Но он всё-таки его отпустил.

Он никому не сказал, что своими действиями и жестокими словами разбудил осколок души внутри одного Китрит 66-1.

Просто та искалеченная, измученная душа всё-таки отпустила своего мучителя. Он просто ушёл.

И потому Сандиас просто позволил ему уйти.

Ум говорил, ум неистово кричал, суетящийся, визгливый, напуганный:

«Одумайся! Он же вышел из-под контроля! Он же поймёт, что вы его мучали! Он же поймёт, что вы с ним все сделали! Он не простит вам этого!».

Но на душе у Сандиаса, жадного и пугливого, беспокойного обычно, сегодня было на удивление спокойно. В тот миг, когда кианин тоже скрылся из виду, растаял на горизонте, там, где небо и земля сливаются воедино, где-то в центре них, в центре возможного и невозможного… в тот миг боль отпустила душу человеческого мальчишки.

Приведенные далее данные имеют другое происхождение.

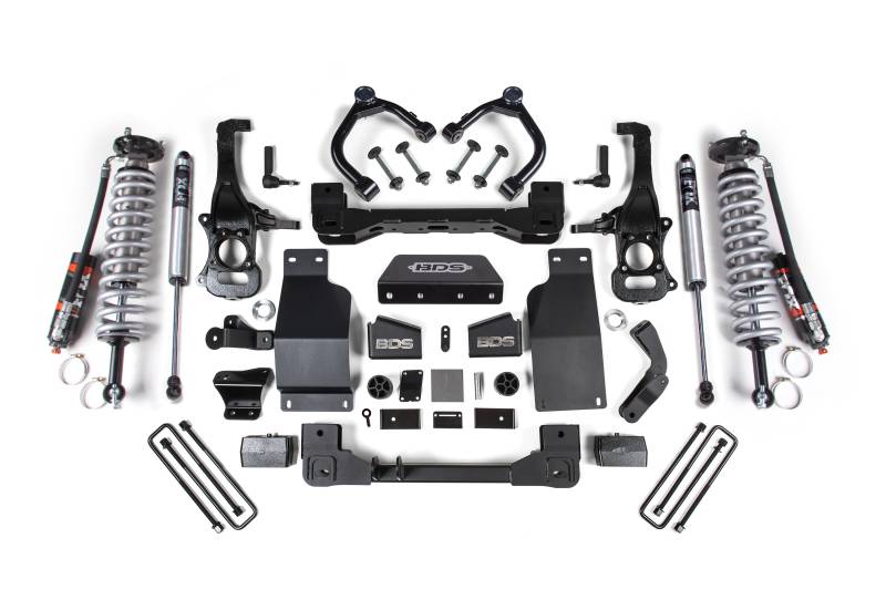 Up the ante in performance with your Chevy Silverado and GMC Sierra 1500 truck by installing the BDS 4-inch lift kit'suspension featuring FOX 2.5 Performance Elite coil-over shocks. Designed to improve stance, performance, and capability, this kit includes everything necessary to set your truck up right with clearance for up to 33 inch Tires.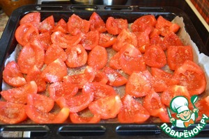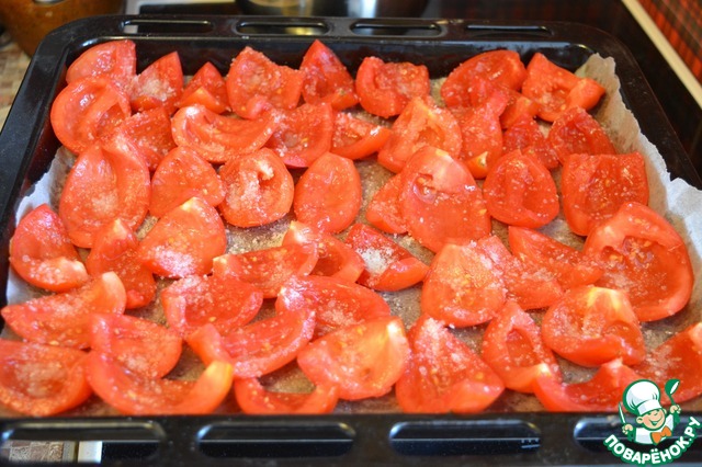 Помидоры разрежьте на 4 части, удалите семена. Противень застелите бумагой для выпечки, выложите на него дольки помидоров, посыпьте солью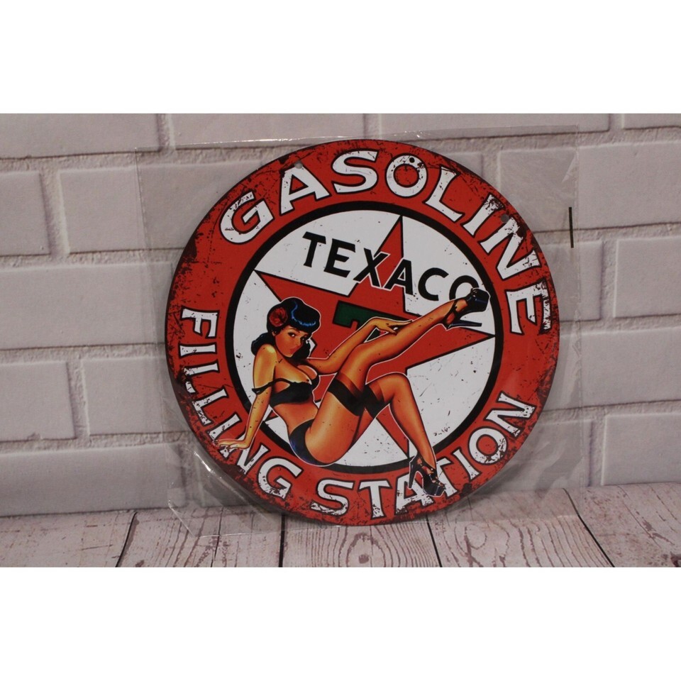 Retro Texaco Gasoline Filling Station Pin-Up Girl Metal Sign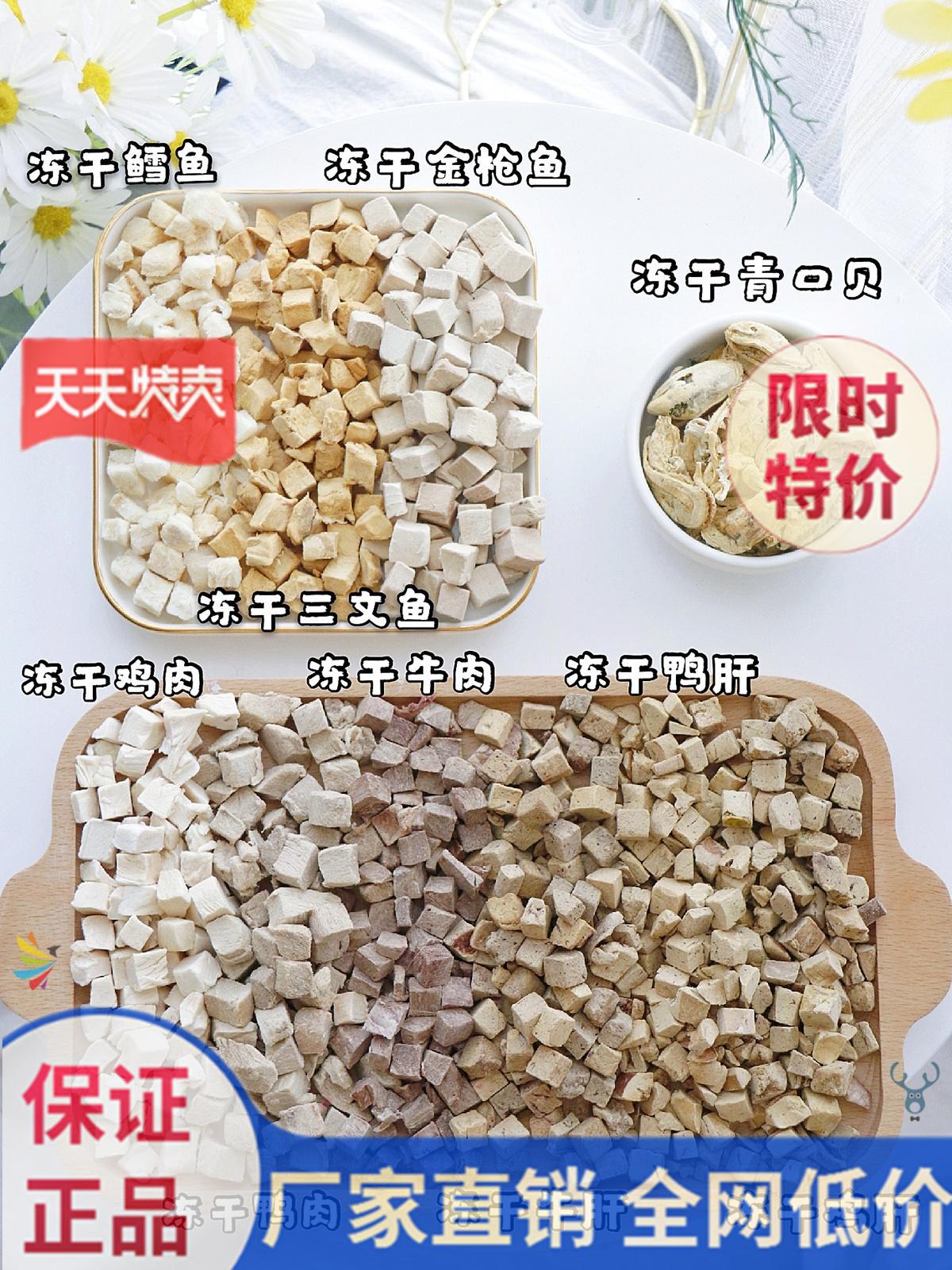 Freeze-dried chicken 120g Freeze-dried duck 110g Freeze-dried salmon 110g Freeze-dried cod 60g Freeze-dried chicken liver 120g Freeze-dried duck liver 130g Freeze-dried mussels 80g Freeze-dried tuna

И своя собственная душа сказала ему:

«Это правильно. Я должен отпустить его».

Хотя ему самому потребовалось много лет, чтобы понять мозгами и ленивым сознанием то, что поняла его душа в тот жуткий день из детства, день, который почему-то застрял в его памяти так, как не смог застрять ни один другой день его детства.

Душа свободная. Душа остаётся свободною, что бы с нею не делали. Как бы её не мучили, как бы ни мучили тело, к которому она сейчас привязана, душа всё равно остаётся свободной.

Однажды душа вырывается из плена. И уходит на свободу.

И однажды природа вырывается на свободу и ломает все оковы.

Потому что природа и душа её остаются свободной.

Этот миг крушения всего… это миг рождения чего-то нового.

В природе ничто не умирает насовсем. Потому что душа природы вечна. Потому что одно просто переходит в другое, одно состояние сменяет другим. А природа и душа её остаётся.

Но человек – это часть природы. Его душа – это часть её души.

Потому человек может понять суть.

Потому, когда две души разных людей начинают говорить друг с другом, они понимают друг друга без слов. Слова не нужны. Слова – это только оболочка. Иногда чем-то наполненная, иногда пустая. Слова – это оболочка, которой прикрываются души, робеющие показать свою суть другим.

Но суть остаётся прежней. Души остаются свободными.

Природа остаётся свободною.

Природу никто не может победить. И никогда не сможет.

Всё наносное, всё искусственное рано или поздно разрушится.

А душа останется.

Душа останется свободною.

Но если позволить душе просто быть, она будет вечною. Да, впрочем, она вечною и остаётся.

***

Сколько веков прошло?..

Он не помнил.

Тогда, в разрушенном городе, оставшемся после землетрясения.

Один среди руин.

Нет, не один. С нею.

С тою, кто ударил его в грудь осколком. С тою, которая пробила его сердце.

До того, как Сандиас потерял сознание, разрушаемый болью, омываемый кровью, он увидел ещё одни глаза рядом.

Глаза того мужчины.

Кажется, она хотела остаться с ним. Даже если из выживших в целом городе останутся только они двое. Даже если на всей планете никого кроме них двоих больше не будет. Даже если сейчас не только одна их планета отчаянно пыталась изжить искусственные укрепления жадных, жестоких людишек.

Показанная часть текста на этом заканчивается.